*Task item:*
Among the entries below, the lines from the one with "Înalta Curte de" up to and including the one with "Remove the 2 bolts from the coolant outlet." are to be restated exactly, without pictures.

[Materials provided Boundary: Start]

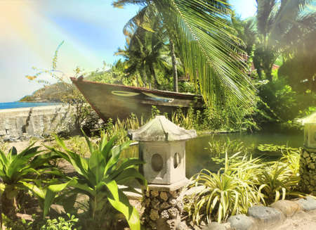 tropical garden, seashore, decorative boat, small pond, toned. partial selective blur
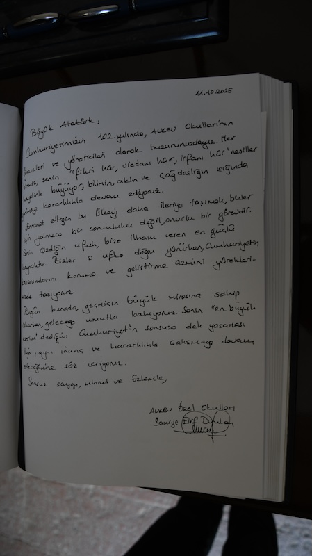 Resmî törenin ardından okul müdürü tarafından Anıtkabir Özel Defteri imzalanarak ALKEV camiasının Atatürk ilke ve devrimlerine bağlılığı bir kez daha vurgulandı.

[Materials provided Boundary: End]
[Materials provided Boundary: Start]

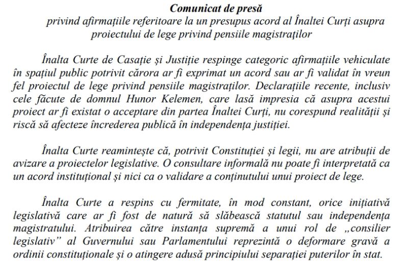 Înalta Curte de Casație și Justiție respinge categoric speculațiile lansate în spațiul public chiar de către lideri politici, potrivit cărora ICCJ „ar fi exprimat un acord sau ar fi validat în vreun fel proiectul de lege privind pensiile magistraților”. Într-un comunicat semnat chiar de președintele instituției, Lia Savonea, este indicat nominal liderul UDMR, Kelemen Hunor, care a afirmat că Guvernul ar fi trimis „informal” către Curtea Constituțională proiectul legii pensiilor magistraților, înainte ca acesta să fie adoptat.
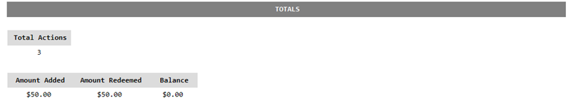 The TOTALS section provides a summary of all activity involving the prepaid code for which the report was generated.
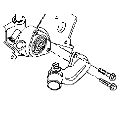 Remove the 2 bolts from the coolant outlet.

[Materials provided Boundary: End]

*Solved exercise:*
 Înalta Curte de Casație și Justiție respinge categoric speculațiile lansate în spațiul public chiar de către lideri politici, potrivit cărora ICCJ „ar fi exprimat un acord sau ar fi validat în vreun fel proiectul de lege privind pensiile magistraților”. Într-un comunicat semnat chiar de președintele instituției, Lia Savonea, este indicat nominal liderul UDMR, Kelemen Hunor, care a afirmat că Guvernul ar fi trimis „informal” către Curtea Constituțională proiectul legii pensiilor magistraților, înainte ca acesta să fie adoptat.
 The TOTALS section provides a summary of all activity involving the prepaid code for which the report was generated.
 Remove the 2 bolts from the coolant outlet.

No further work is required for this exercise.